──────── INPUT DATA ────────

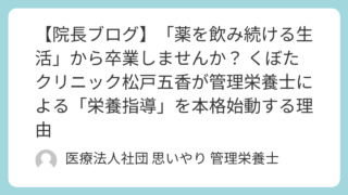 【院長ブログ】「薬を飲み続ける生活」から卒業しませんか? くぼたクリニック松戸五香が管理栄養士による「栄養指導」を本格始動する理由
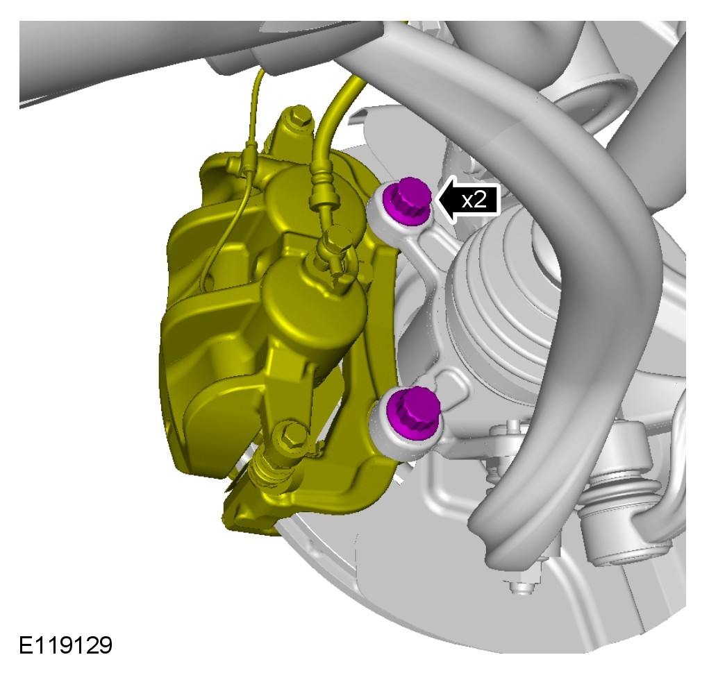 CAUTION: Do not allow the brake caliper to hang on the brake hose.
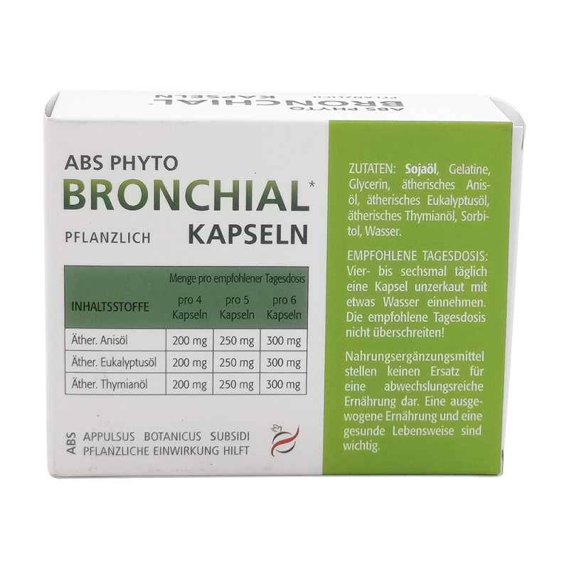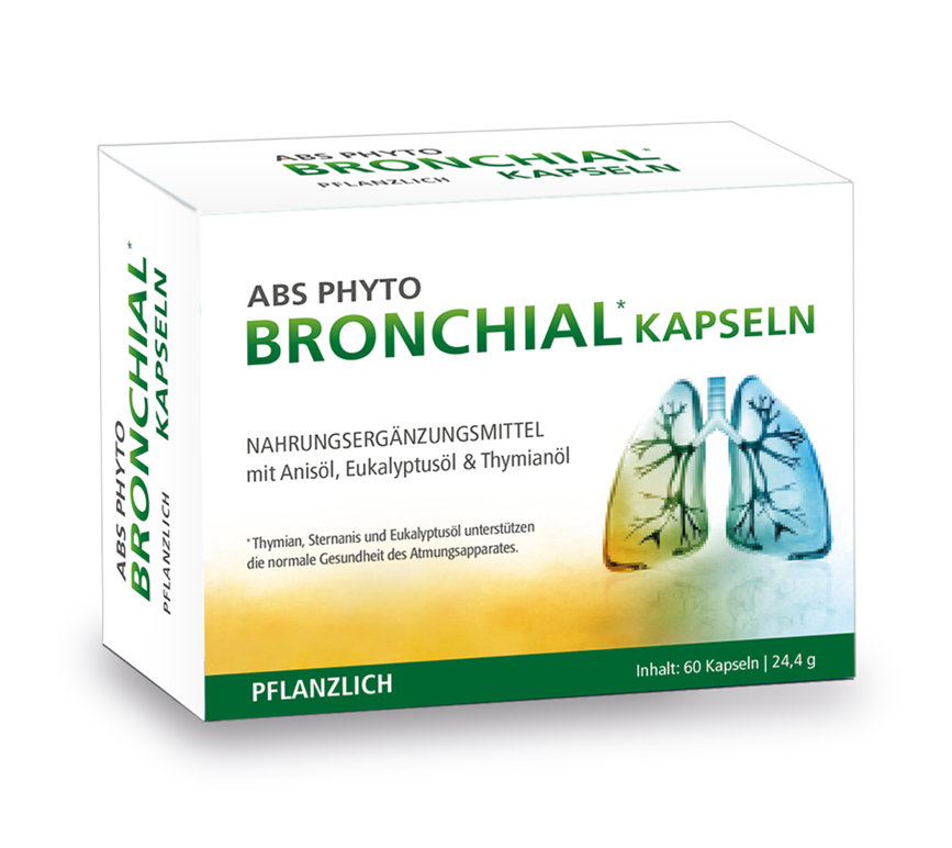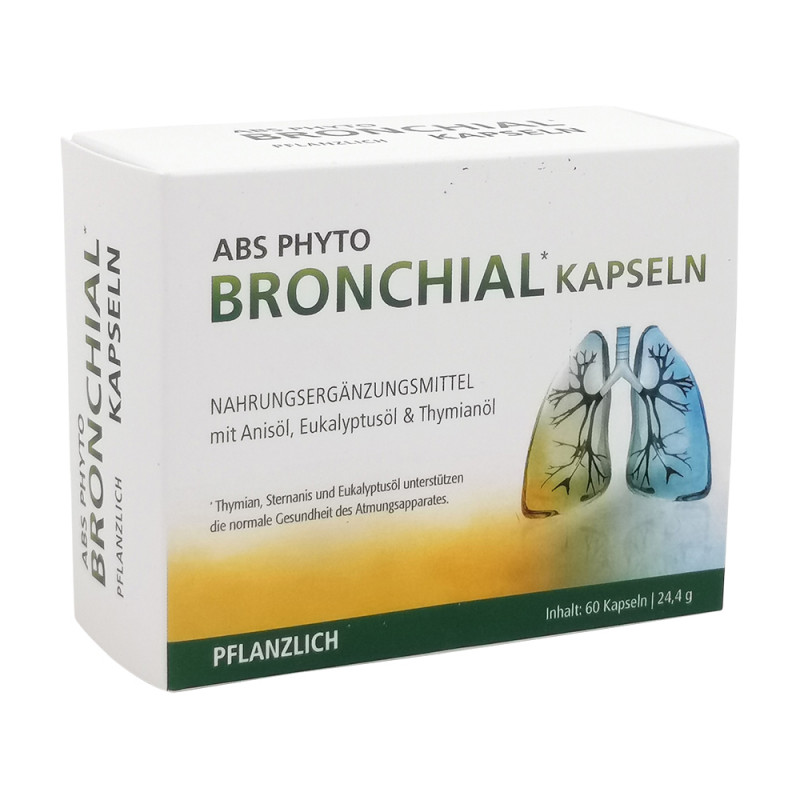 ABS Phyto Bronchial Kapseln helfen gegen chronische Bronchialkatharre. Außerdem bekämpfen diese Kapseln trockenen Husten und lösen Hustenkrämpfe sowie zähen Schleim.

────────

Word for word, restate the lines from the one containing "CAUTION: Do not" through the end of the listing, and nothing more. Skip the pictures.

 CAUTION: Do not allow the brake caliper to hang on the brake hose.
 ABS Phyto Bronchial Kapseln helfen gegen chronische Bronchialkatharre. Außerdem bekämpfen diese Kapseln trockenen Husten und lösen Hustenkrämpfe sowie zähen Schleim.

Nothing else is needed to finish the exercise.